Competition Heats Up in Solana's Lending Market
Lily Liu, the president of the Solana Foundation, has addressed the escalating rivalry between Kamino Finance, a prominent player in Solana’s lending sector, and Jupiter Lend, a newer entrant. Jupiter Lend launched in August and has rapidly accumulated a Total Value Locked (TVL) of $1 billion. The overall Solana lending market is currently valued at approximately $5 billion, a figure that is considerably smaller than Ethereum's $50 billion and the vast trillions in traditional finance collateral markets.
This significant gap in valuation is a key driver behind the intense competition within Solana's lending sector. While this environment has spurred rapid innovation, it has also led to rising tensions among protocols vying for market dominance.

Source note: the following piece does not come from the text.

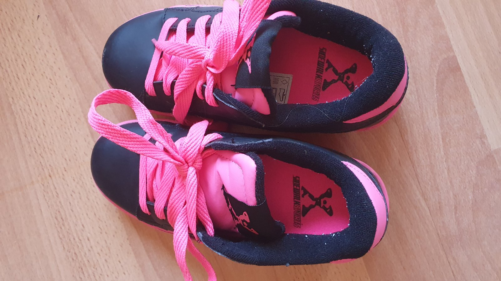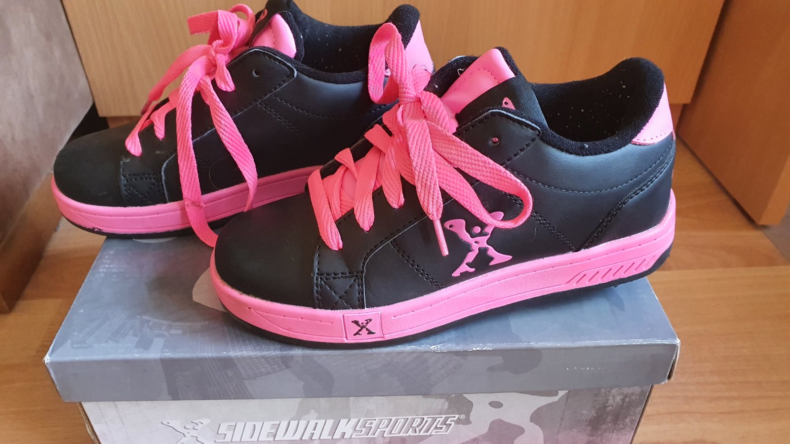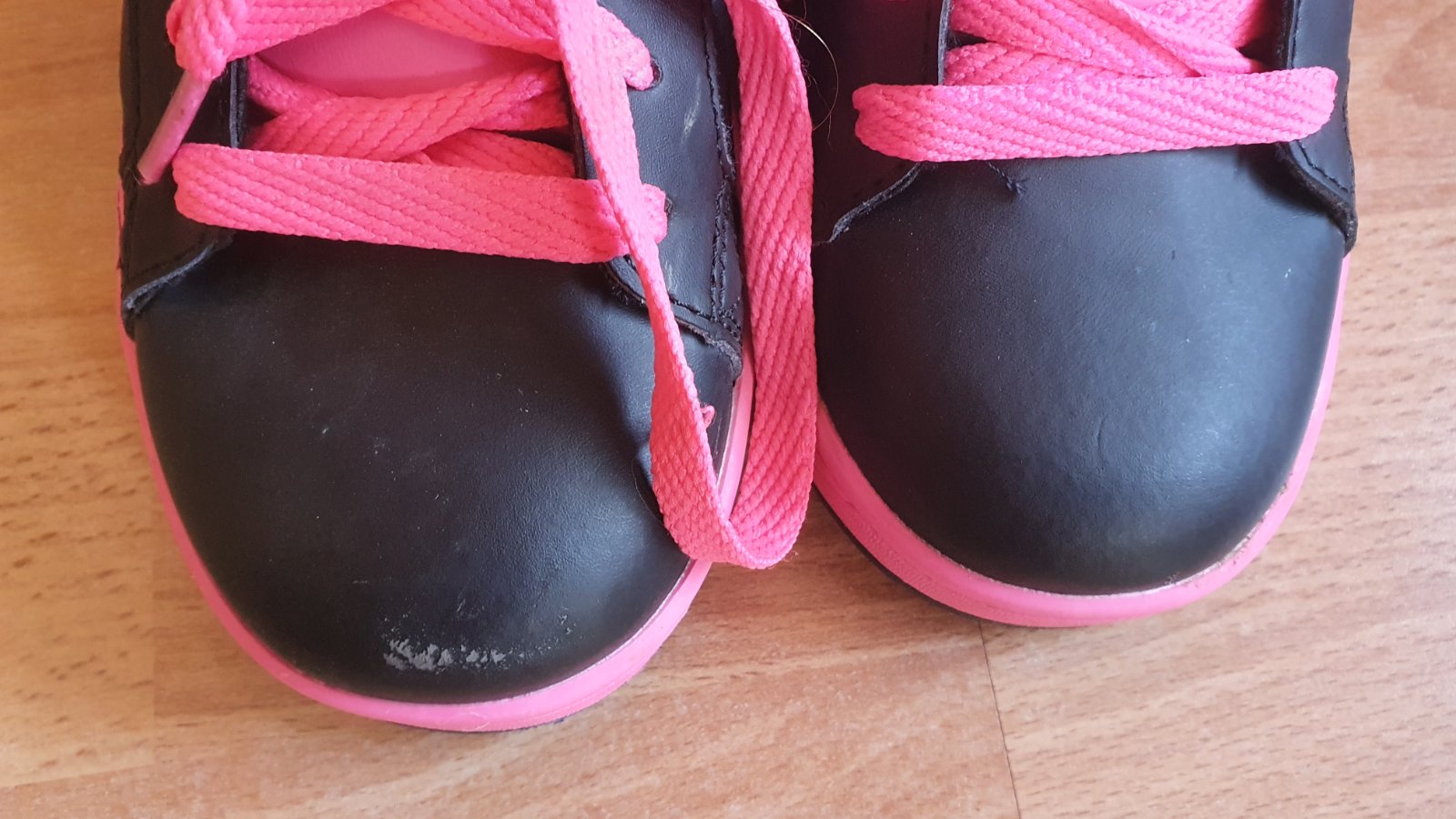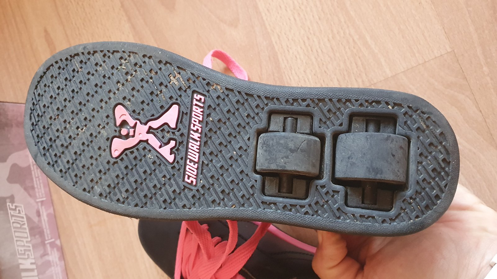 Topánky s kolieskami. Potrebujú rovný povrch. Dcéra ich nosila málo. sú na nich ale škrabance , vidno to na fotkách. Pôvodná cena 46€

Solana Foundation's Perspective on Competition
Lily Liu, president of the Solana Foundation, highlighted the current valuation of Solana’s lending market in her recent remarks. She emphasized that the disparity between Solana and other markets fuels the competitive landscape. While acknowledging the rapid innovation, she noted that tensions have been rising between protocols competing for dominance.
Liu stated, "Hey @kamino @jup_lend, Love you both. We can snipe at one another (one click lending position conversion; dunking on sloppy remarks; etc) or we can focus on capturing market share from all of crypto and then Tradfi beyond that."
From the perspective of the Solana Foundation executive, competition is inherently healthy for the ecosystem. However, she stressed the importance of not losing sight of the overarching objective: capturing a larger market share from both Ethereum and traditional finance.
The Core of the Kamino Finance and Jupiter Lend Dispute
Jupiter Lend has faced accusations of misleading users regarding its platform's risk isolation and rehypothecation practices. Critics, primarily founders from rival protocols such as Kamino and Fluid, have alleged that Jupiter Lend falsely advertised its vaults as being completely isolated. They argue that this practice could potentially expose the broader decentralized finance (DeFi) space to contagion during periods of market stress.
Kash Dhanda, co-founder of Jupiter Lend, acknowledged that the initial assertion of "zero contagion" was not entirely accurate. However, he maintained that rehypothecation is employed to generate yields on collateral, and that the associated risks remain limited and contained at the asset level.
Marius, the founder of Kamino, expressed concerns that Jupiter Lend's vaults allow for full inter-asset exposure, which he believes could erode confidence in the entire Solana DeFi ecosystem. He has publicly criticized Dhanda's Jupiter Lend for "misleading users."
Samyak Jain, the founder of Fluid, pointed out that the platform's vaults actually reuse user collateral for yield optimization, a practice that contradicts the notion of full isolation.